## WHAT TO WORK ON
You are asked to repeat the listing word for word and to leave out its pictures.

## DATA SECTION
········
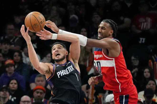 次节比赛,太阳连续两节单节得分30+压制奇才,奇才被限制首次单节不足25分。太阳前2分半钟40-35领先,太阳连得5分扩大10分优势,约翰逊中投追分,太阳多点开花一波10-2攻势,已经扩大55-39领先。奇才连追5分,太阳继续扩大领先优势,太阳单节33-22净胜11分,上半场结束太阳扩大65-50领先奇才。前两节比赛,奇才三分13中3,萨尔13+9;太阳三分27中10,布克13分7助攻与奥尼尔11+6。
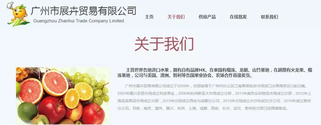 广州市展卉贸易有限公司,是国内大型专业的一级进口水果批发商,专业从事进口水果的采购与批发,集零售、批发、商超配送全能服务于一身,拥有专业的冷链物流配送、一站式服务的网上水果商城, 是中国果品批发行业的标杆性企业、中国大型专业化时尚精品水果连锁批发领军品牌。
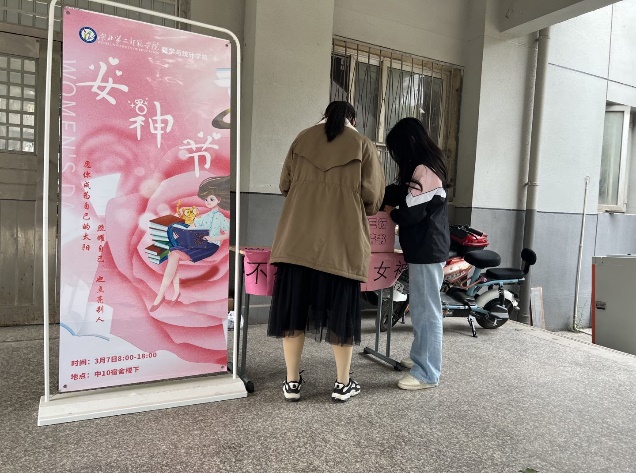 本网讯(通讯员 梅蕾)为引领女性正确看待和审视自己,进一步丰富女生精神文化生活,构建更和谐的校园环境。3月7日8时至18时,数学与统计学院于中十宿舍楼下举办“女神节”活动。
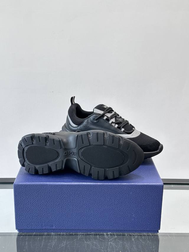 Dior B22复古慢跑鞋,灵感来自经典慢跑鞋,低帮厚底设计,牛皮革+网眼织物拼接,质感满分又透气。 黑白刻花橡胶鞋底,抓地力和舒适度都很棒,日常穿搭或运动都O
········
## YOUR RESPONSE
 次节比赛,太阳连续两节单节得分30+压制奇才,奇才被限制首次单节不足25分。太阳前2分半钟40-35领先,太阳连得5分扩大10分优势,约翰逊中投追分,太阳多点开花一波10-2攻势,已经扩大55-39领先。奇才连追5分,太阳继续扩大领先优势,太阳单节33-22净胜11分,上半场结束太阳扩大65-50领先奇才。前两节比赛,奇才三分13中3,萨尔13+9;太阳三分27中10,布克13分7助攻与奥尼尔11+6。
 广州市展卉贸易有限公司,是国内大型专业的一级进口水果批发商,专业从事进口水果的采购与批发,集零售、批发、商超配送全能服务于一身,拥有专业的冷链物流配送、一站式服务的网上水果商城, 是中国果品批发行业的标杆性企业、中国大型专业化时尚精品水果连锁批发领军品牌。
 本网讯(通讯员 梅蕾)为引领女性正确看待和审视自己,进一步丰富女生精神文化生活,构建更和谐的校园环境。3月7日8时至18时,数学与统计学院于中十宿舍楼下举办“女神节”活动。
 Dior B22复古慢跑鞋,灵感来自经典慢跑鞋,低帮厚底设计,牛皮革+网眼织物拼接,质感满分又透气。 黑白刻花橡胶鞋底,抓地力和舒适度都很棒,日常穿搭或运动都O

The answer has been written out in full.